Langkah Tegas Kemensos untuk Mengatasi Isu Pengadaan Sepatu Siswa
Kementerian Sosial (Kemensos) mengambil langkah tegas dalam menangani isu miring terkait pengadaan sepatu bagi siswa Sekolah Rakyat. Pada hari ini, Jumat (8/5), Menteri Sosial Saifullah Yusuf atau yang akrab disapa Gus Ipul akan mengunjungi Komisi Pemberantasan Korupsi (KPK). Tujuannya adalah memastikan seluruh proses pengadaan berjalan transparan dan bebas dari praktik korupsi.
Langkah ini diambil setelah Gus Ipul memberikan mandat khusus kepada Wakil Menteri Sosial Agus Jabo Priyono dan Plt Inspektur Jenderal Kemensos Dody Sukmono. Mereka diminta untuk mengumpulkan informasi mendalam terkait proses pengadaan yang tengah menjadi sorotan publik.
Wakil Menteri Sosial Agus Jabo menegaskan bahwa pihaknya tidak akan main-main dengan integritas. Jika ditemukan bukti kuat adanya kecurangan, Kemensos sendiri yang akan menyeret pelakunya ke jalur hukum.
“Karena saya sudah berkomitmen kalau ada penyelewengan, saya sama Pak Menteri yang akan bertindak duluan melaporkan ke Aparat Penegak Hukum,” ujar Agus Jabo semalam, Kamis (7/5).
Kemensos ingin mendapatkan supervisi langsung agar tidak ada celah penyimpangan dalam program bantuan bagi siswa.

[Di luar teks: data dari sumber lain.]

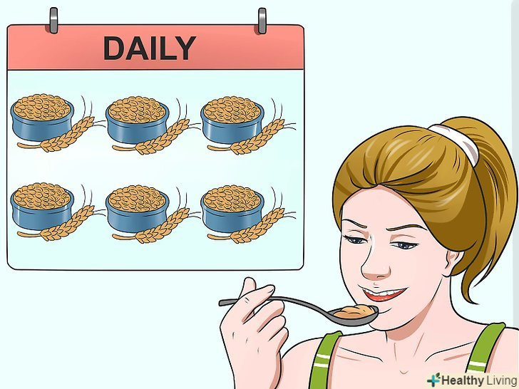 Щодня з'їдайте 6-8 порцій зернових продуктів.краще вживати продукти з цільних зерен, а не перероблений білий рис або перероблену білу муку, оскільки в них міститься більше харчових волокон і поживних речовин. Одна порція являє собою скибочку хліба або півсклянки вареного рису або макаронів. Можна збільшити споживання продуктів із цільних зерен наступним чином:[4]- Купуйте борошно і макарони з цільної, а не білої пшениці. Як правило, на упаковці подібних продуктів зазначено, що вони зроблені з цільної пшениці.
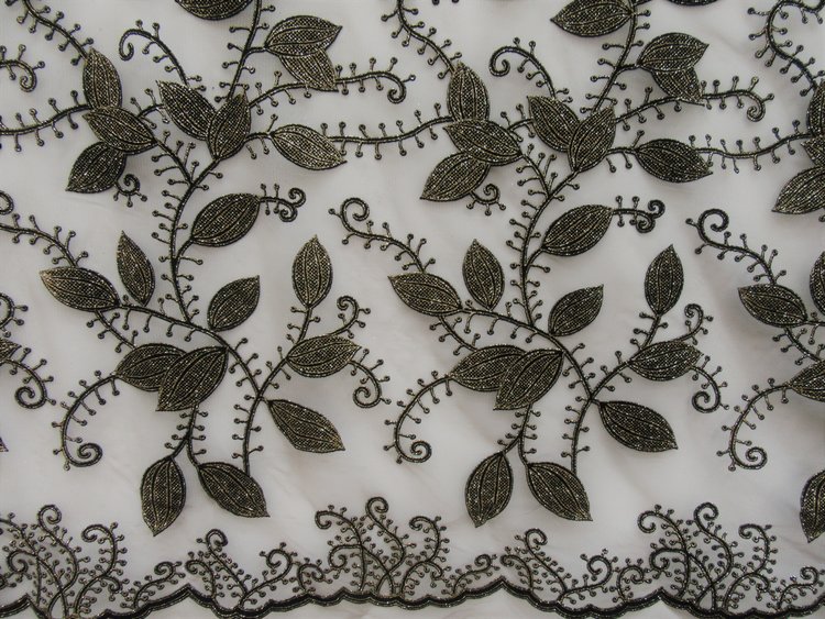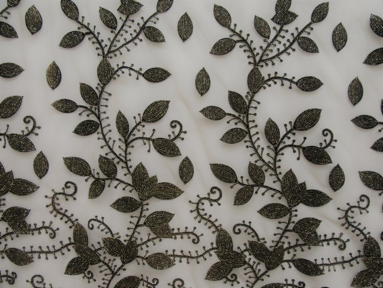 ALL OVER LEAF DESIGN SEWN ON 100 % P0LYESTER BEIGE COLOR TULL MESH
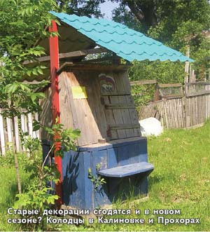 Да и не колодцы это вовсе (потому как воды в них как не было, так и нет), а декорации. На их фоне местные телевизионщики и фотокорреспонденты Александра Михайловича со свитой в разных ракурсах снимали и потом по «Орбите» показывали. Так и остались они, огромными гвоздями забитые (а ну как свалится какой неосторожный любопытный малыш?). Зато эмблема «ЕР» издалека видна!
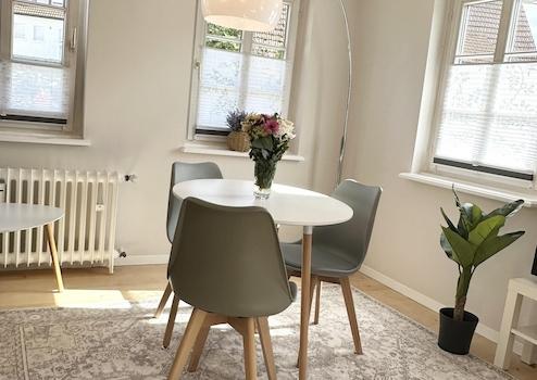 Diese helle und vollständig möblierte 2-Zimmer-Wohnung befindet sich im 1. Obergeschoss eines charmanten Hauses im Herzen von Plieningen.
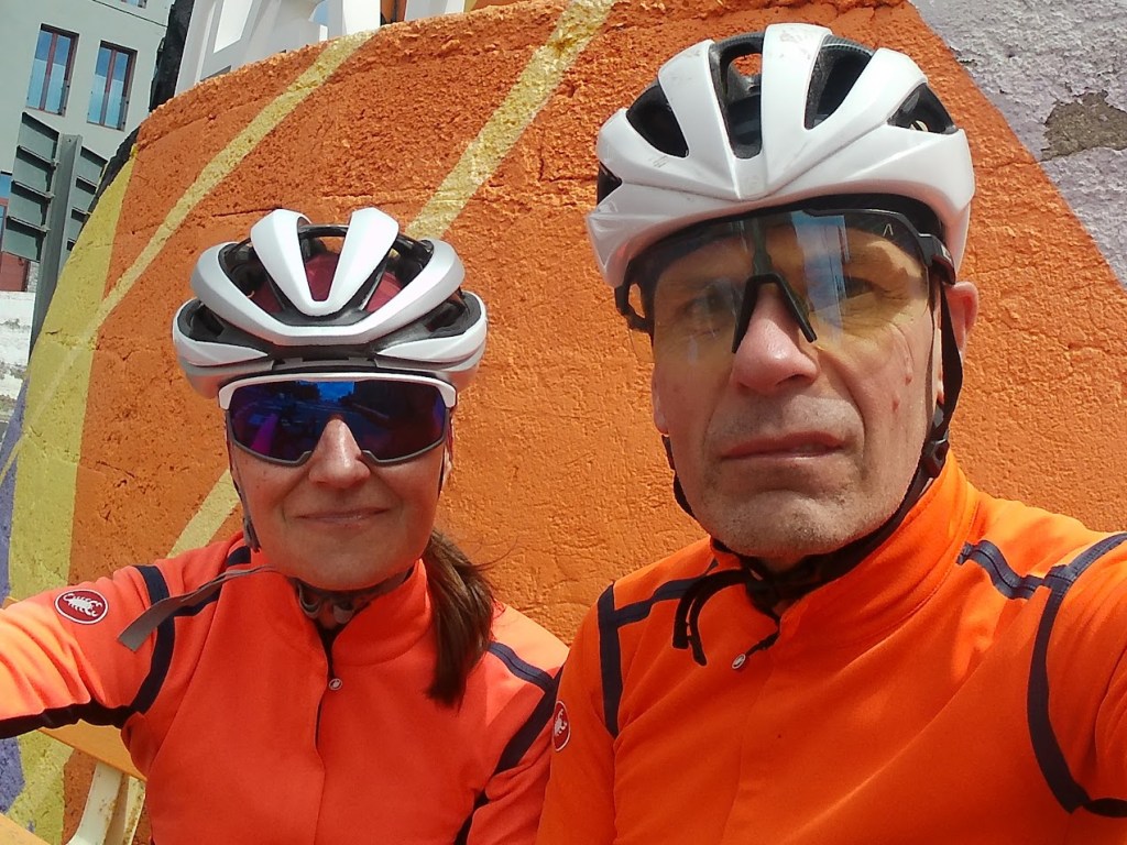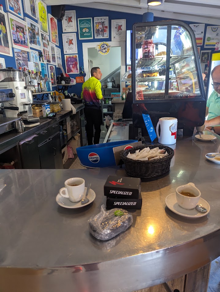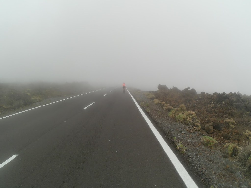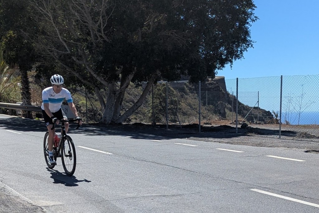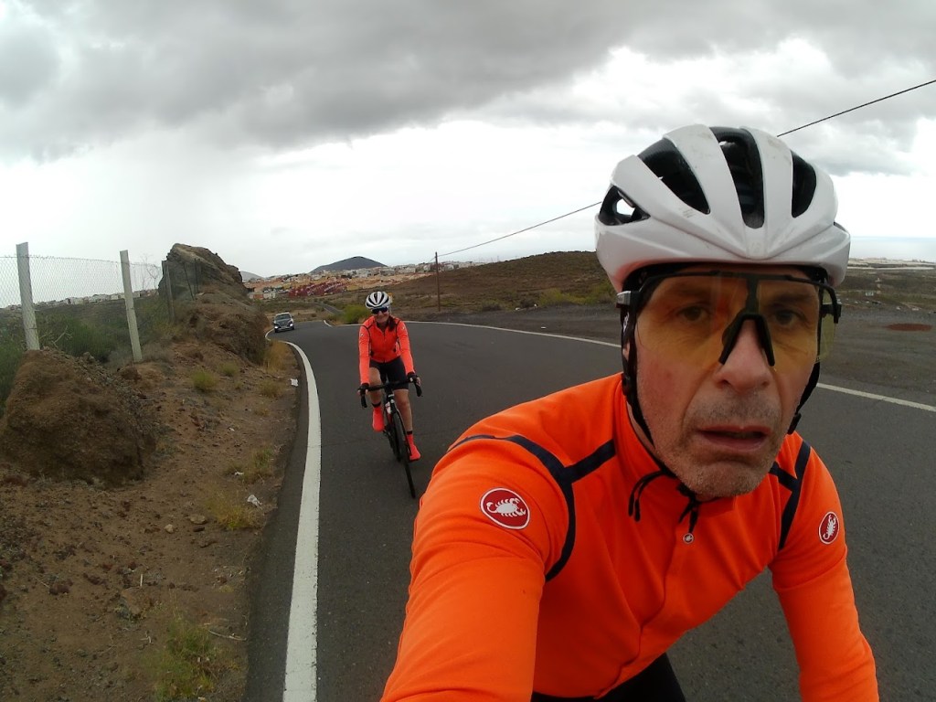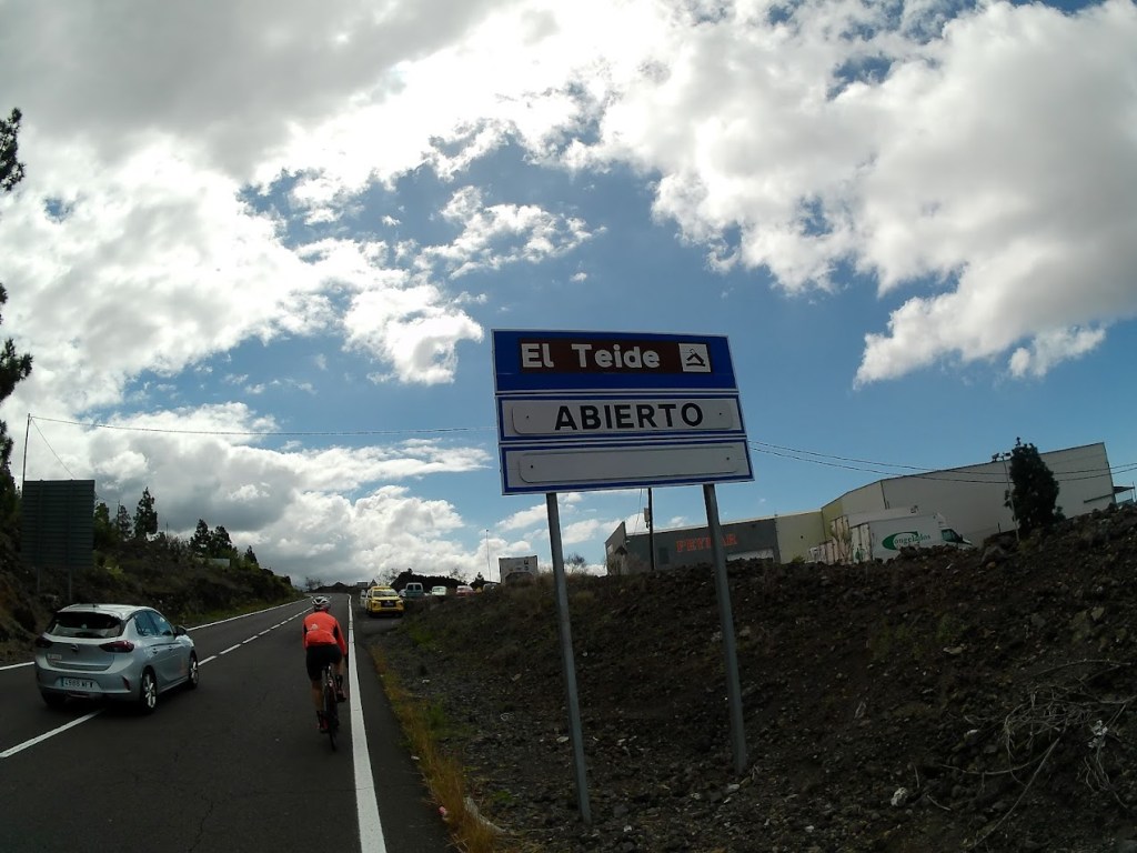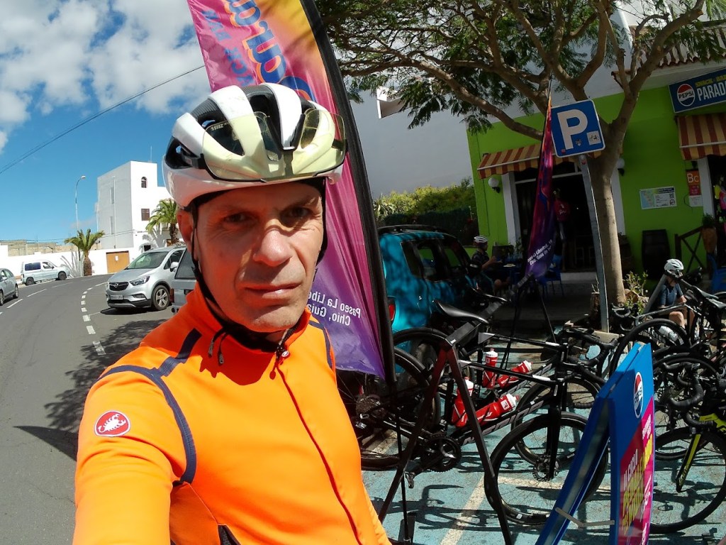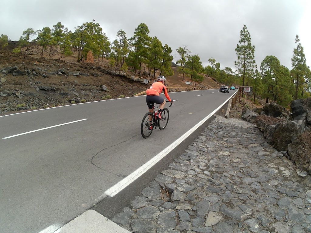 Und fast machte uns bei der Königsetappe auf den Teide das Wetter einen Strich durch die Rechnung. Schnee und Eis oben am Berg veranlassten die Kanarischen Behörden die Sperrung der Gebirgsstraße. Gott sei Dank besserten sich die Verhältnisse und wir konnten dann doch den ca. 55km langen Anstieg auf den Teide in Angriff nehmen. Nach 25 Kilometern dann der Patschen an Pommelines Hinterrad in der Ortschaft Chio. Glücklicherweise genau vor einem bekannten Radlertreff, da konnten wir einen Reifenheber ausleihen und bei einem Espresso den defekten Schlauch austauschen. Zwischenzeitig winkten einige vorbeibrausende Radprofis von den Teams „Red Bull Bora Hansgrohe“ und“VISMA Lease a Bike“ uns aufmunternd zu!
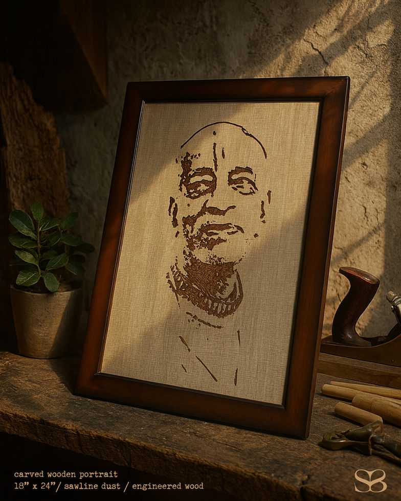 Essence: A bespoke, hand-carved portrait—your visage rendered in depth, lines, and shadow, housed within a 18″ × 24″ frame.
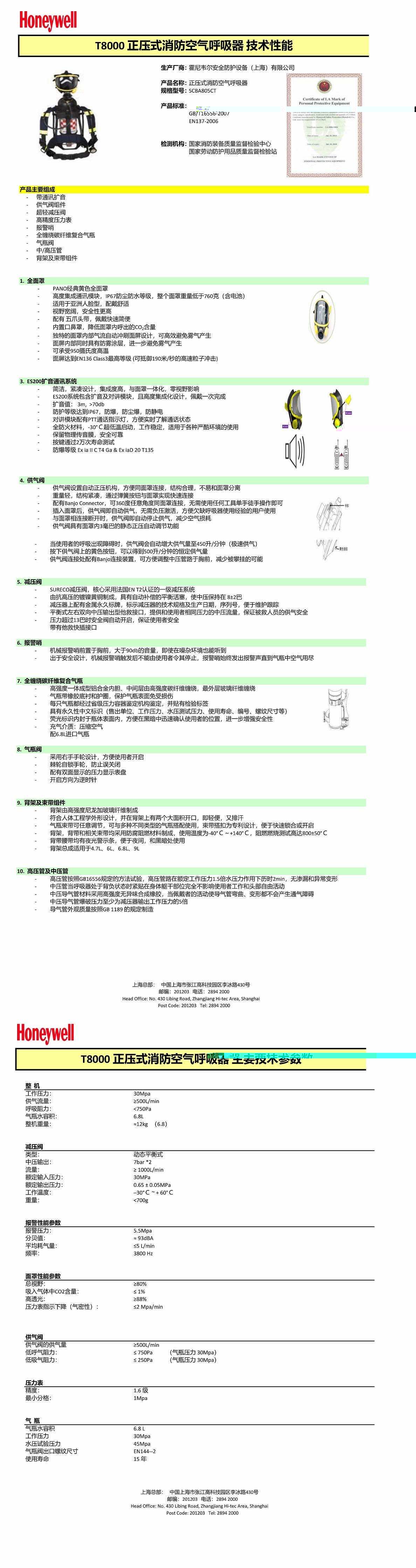 霍尼韦尔 SCBA805MCT T8000工业呼吸器(Pano头带面罩,6.8升凯博气瓶,通讯扩音)
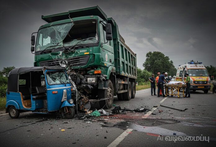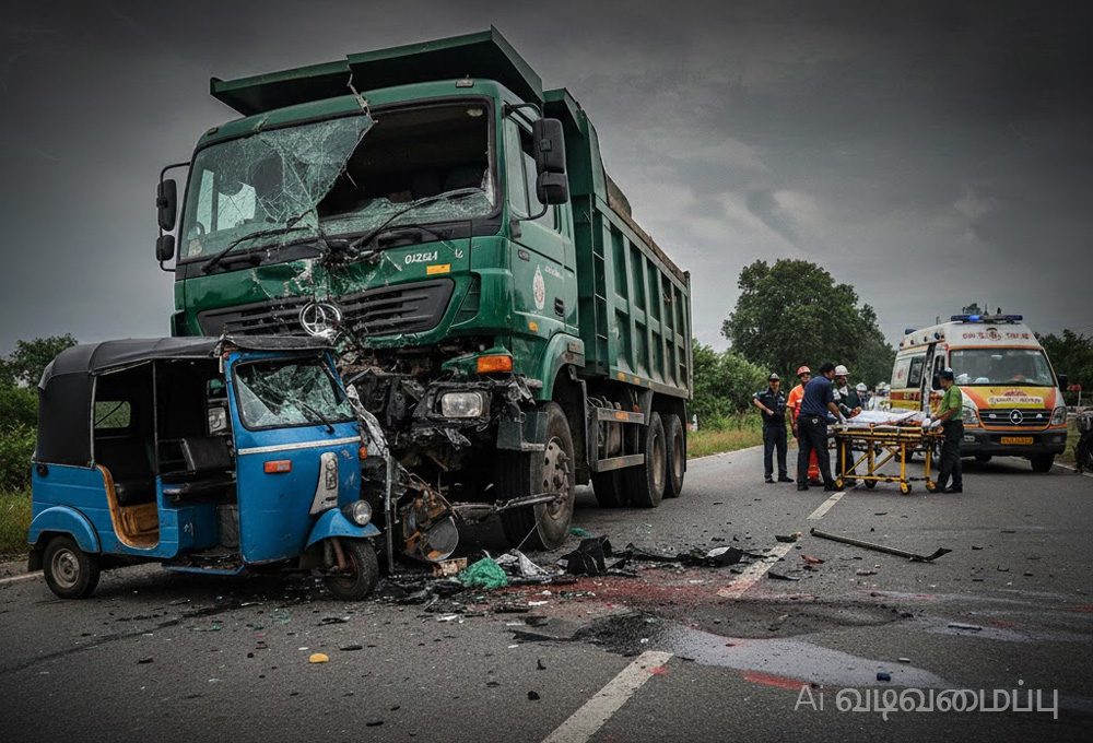 நொறுங்கிய முச்சக்கர வண்டி.. துடிதுடித்த ஓட்டுநர்!
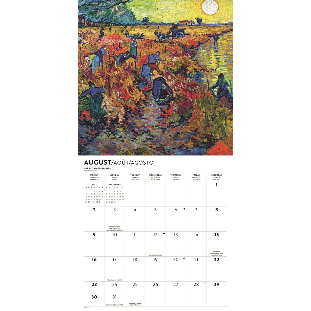 Vincent van Gogh a profondément marqué l'art du XXe siècle. Ses peintures restent une source d'inspiration pour les artistes d'aujourd'hui. Ce calendrier mural 2026 présente certaines de ses œuvres les plus célèbres. Ce calendrier est sans emballage plastique.
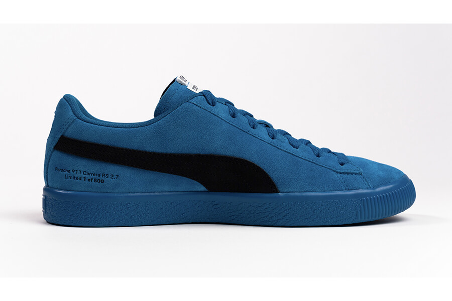 為彰顯此系列鞋款的獨特性,除了用作基礎的Puma Suede鞋款本身就是為慶祝奧運田徑選手Tommie Smith,而以其背號限量生產307雙的限量鞋款外,在鞋屁股以及鞋跟兩側也有著RS 2.7的字樣、圖案以及1 of 500的字樣;而在鞋舌處也有一處911 Carrera RS 2.7的車側圖樣。
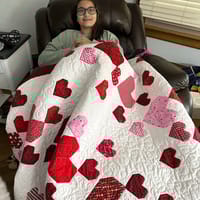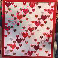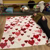 This is an amazing pattern. It’s really good for the scraps you seem to be drowning in because the hearts can be any shade or color you want. Easy to follow but still need to pay attention or you’ll find yourself ripping out a lot. I added a border and forgot to figure the new backing size needed.

“Setiap langkah atau program yang kita lakukan, kita selalu berkonsultasi, berkolaborasi dengan pihak-pihak yang lain. Jadi rencananya memang besok kita mau ke KPK untuk meminta saran, meminta masukan supaya dalam program pengadaan itu tidak akan menimbulkan masalah-masalah,” tambahnya.
Meluruskan Isu Markup Harga Sepatu Rp 700 Ribu
Kemensos juga mengklarifikasi isu viral mengenai harga sepatu yang disebut mencapai Rp700 ribu per pasang. Agus Jabo menjelaskan bahwa narasi yang beredar di media sosial bermula dari kesalahpahaman foto dokumentasi lama.
Foto Gus Ipul bersama Khofifah Indar Parawansa saat memberikan sepatu di Malang pada Mei 2025 lalu, diklaim sebagai produk pengadaan Kemensos. Padahal, sepatu tersebut adalah sumbangan dari APBD Jawa Timur dengan spesifikasi berbeda.
Terkait angka Rp 700 ribu yang muncul dalam dokumen, Agus Jabo menjelaskan bahwa itu merupakan pagu anggaran untuk pengadaan sepatu Pakaian Dinas Lapangan (PDL).
“Tetapi kemudian di dalam pagu ya, rencana anggaran Kemensos untuk pengadaan sepatu ada yang nilainya Rp700 ribu, sepatu apa itu? Yaitu sepatu PDL yang tentunya spesifikasinya berbeda dengan sepatu harian,” ungkapnya.
Pagu Anggaran Bukan Harga Beli Riil
Ia menekankan bahwa angka tersebut merupakan pagu anggaran atau batas maksimal, bukan harga beli akhir. Untuk kebutuhan siswa Sekolah Rakyat, Kemensos menyediakan beberapa jenis sepatu, mulai dari PDL, PDH, hingga sepatu olahraga.
“Seperti jenis sepatu harian itu dalam proses pengadaan dianggarkan sekitar Rp 200 ribu sampai Rp 250 ribu,” jelas Agus Jabo.
Meski diterpa isu miring, pihak Kemensos mengapresiasi kontrol sosial dari masyarakat. Transparansi akan terus dijaga agar setiap rupiah anggaran negara benar-benar sampai ke tangan yang berhak tanpa potongan.